Before exposure to hypoxia, a predominant peak in activity coincident with inspiration was evident in SNA (Fig. 1A, B, C, D and F). Hypoxia evoked a 103 ± 12% increase in mean SNA (n= 25, P < 0.05; Fig. 1E) with strong oscillations related to the respiratory cycle (see Fig. 1A). During hypoxia SNA was reduced during early inspiration and elevated during both phases of expiration (Fig. 1F), as previously reported (Dick et al. 2004). In the same animals, injection of sodium cyanide briefly increased SNA 487 ± 53% (see Fig. 2A). Evaluation of the respiratory-related fluctuations in SNA was not possible during this manipulation due to the short duration of the response.

Figure 1. Effects of hypoxia on phrenic and splanchnic sympathetic nerve activity.

Figure 1

A, raw tracings of end-tidal CO2, phrenic nerve discharge (PND), splanchnic sympathetic nerve activity (SNA), integrated (Int.) nerve activities, and arterial pressure (AP) at baseline and during the hypoxia protocol. Ba, Ca and Da, phrenic-triggered histograms from 3 rats to display SNA in relation to central respiratory drive (made with 30 s of baseline SNA and PND). Bb, Cb and Db, the final 30 s of activity during 60 s of 10% O2 inhalation was used to evaluate SNA in relation to PND during hypoxia in the same 3 rats from Ba, Ca and Da. E, mean SNA collected for 30 s at baseline and during hypoxia (inside boxes in A). F, mean SNA was evaluated during the early inspiratory (Early I), late inspiratory (Late I), early expiratory (Early E) and late expiratory (Late E) phases of respiration. Open bars represent SNA at baseline. Filled bars represent SNA during hypoxia. *Significant difference from baseline value during that period. †Significant difference from values during both phases of inspiration.

Figure 2. Examples of baro-activated caudal ventrolateral medulla (CVLM) neurones activated by hypoxia.

Figure 2

A, this CVLM neurone was activated by raising AP (snare), i.v. injection of sodium cyanide (CN), and inhalation of hypoxic air (bar = 60 s of hypoxia). B, phrenic-triggered histogram of CVLM neuronal activity using 30 s of baseline activity (Ba) and 30 s during hypoxia (Bb). C, phrenic-triggered histogram of another baro-activated, hypoxia-activated CVLM neurone at baseline (Ca) and during hypoxia (Cb). The CVLM units were counted in 0.1 s bins.

Hypoxia produced an initial wavering of AP followed by a significant decrease (−26 ± 4 mmHg) during the latter half of the 60 s stimulus (see Fig. 2A). In contrast, injection of cyanide increased AP (36 ± 4 mmHg) coincident with the burst in SNA (see Fig. 2A). Acute hypoxia did not alter end-tidal CO2 (see Fig. 1A).

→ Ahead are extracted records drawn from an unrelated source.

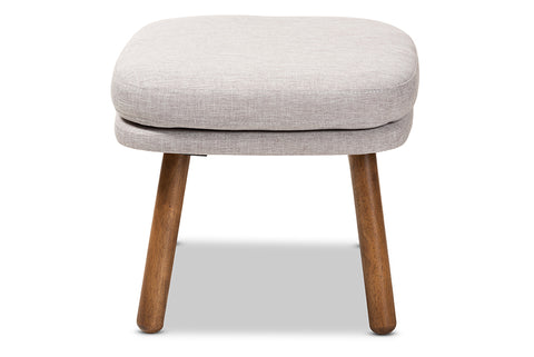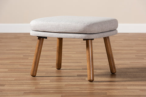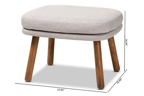 Baxton Studio Lovise Mid-Century Modern Greyish Beige Fabric Upholstered Walnut Brown Finished Wood Ottoman
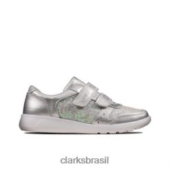 Clarks crianças clarks prateado metálico ti ny mist fst f fit RJZRN4611 prata metálico
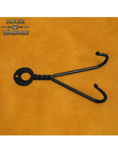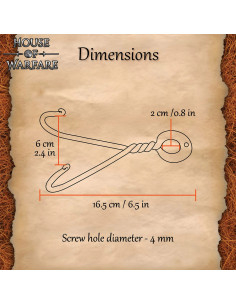 Il collo attorcigliato e il design a doppio gancio non sono solo ornamentali, ma pensati per tenere saldamente il pomolo e prevenire spostamenti imprevisti. Le punte piegate verso l'interno offrono una presa aggiuntiva, in modo che la spada rimanga stabile sia in posizione verticale che con una leggera inclinazione, facilitando l'accesso e la visualizzazione.
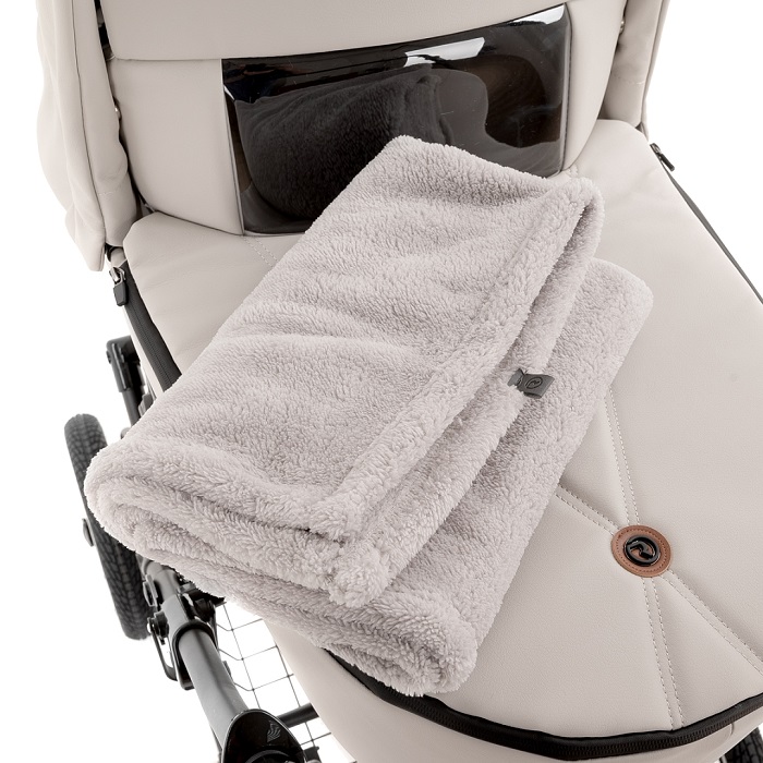 - Тёплая накидка на ножки имеет хороший запас по размеру и удобно крепится к прогулочному блоку на кнопках.
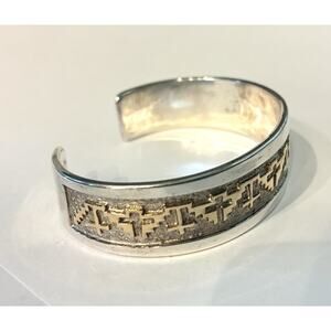 The artist of this cuff bracelet, Tommy Jackson (b. 1958) is a highly regarded Navajo silversmith known for blending traditional Native American motifs with modern gold and silver overlay.
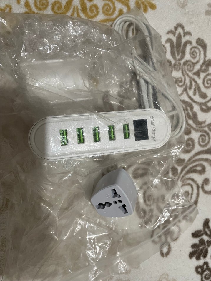 5 USB portlu beyaz akıllı şarj cihazı ve evrensel priz adaptörü ile çoklu cihaz şarj imkanı. Hafif renk ve kompakt tasarım. amerikan dönüştürücü var
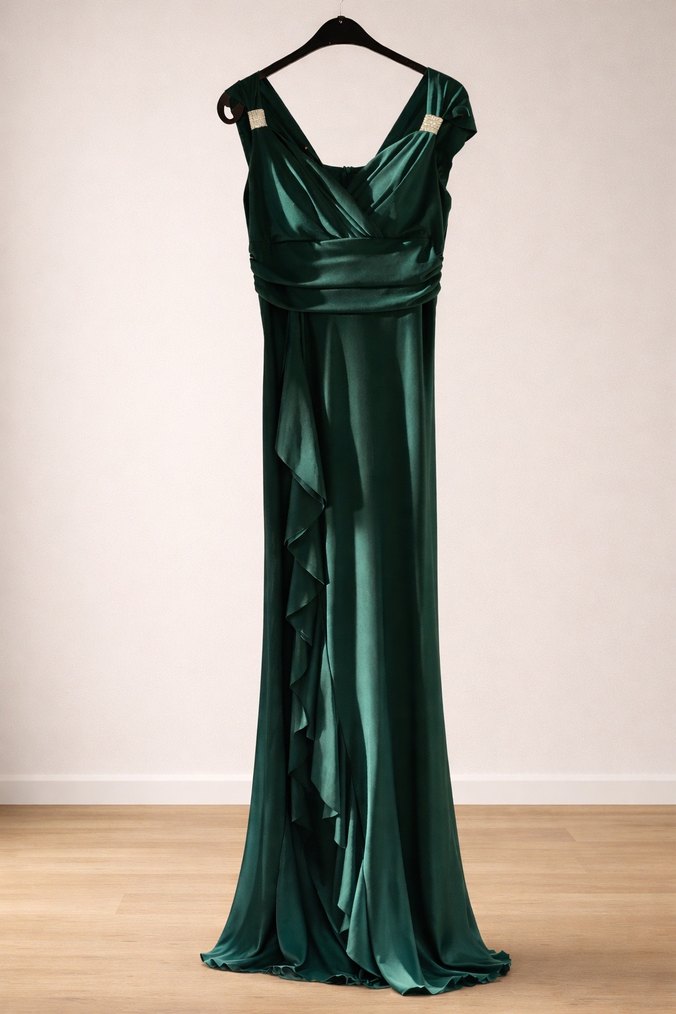 Yeşil parlak kumaştan, drapeli ve askılı uzun, dar kesim abiye elbise, düğünler için uygundur. Esnektir

Responses of baro-activated CVLM neurones to hypoxia and cyanide

Baro-activated, pulse-modulated CVLM neurones displayed diverse patterns of respiratory-related activity (Mandel & Schreihofer, 2006) and responses to activation of peripheral chemoreceptors by ventilation with hypoxic air or injection of sodium cyanide. In all cases, the response of a CVLM neurone to hypoxia was qualitatively mimicked by injection of sodium cyanide despite opposing effects on AP.

Thirteen recorded baro-activated CVLM neurones displayed increased firing rate during hypoxia and following intravenous injection of cyanide (Fig. 2; Table 1). Under basal conditions of 100% O2, most baro-activated CVLM neurones activated by hypoxia (11/13) exhibited a clear peak in neuronal activity during the inspiratory phase of respiration (Fig. 2Ba and Ca). The inspiratory-related activity of these CVLM neurones was maintained or enhanced during hypoxia (Fig. 2Bb and Cb).

Table 1.

Firing rates of baro-activated caudal ventrolateral medulla (CVLM) neurones at baseline and during stimulation of peripheral chemoreflex

Firing rate Baseline (spikes s−1) During hypoxia (spikes s−1) During cyanide (spikes s−1)
Activated CVLM neurones (n= 13) 3.3 ± 0.5 9.4 ± 1.2* 11.8 ± 1.3*
(0.9–6.9) (2.9–14.1) (7.3–20)
Inhibited CVLM neurones (n= 6) 3.4 ± 0.9 1.7 ± 1.1* 0.2 ± 0.1*
(0.5–6.3) (0.0–4.8) (0.0–0.5)

Values are mean ±s.e.m. Values in parentheses represent the range of sampled values.

*

Significant change from baseline, P < 0.05.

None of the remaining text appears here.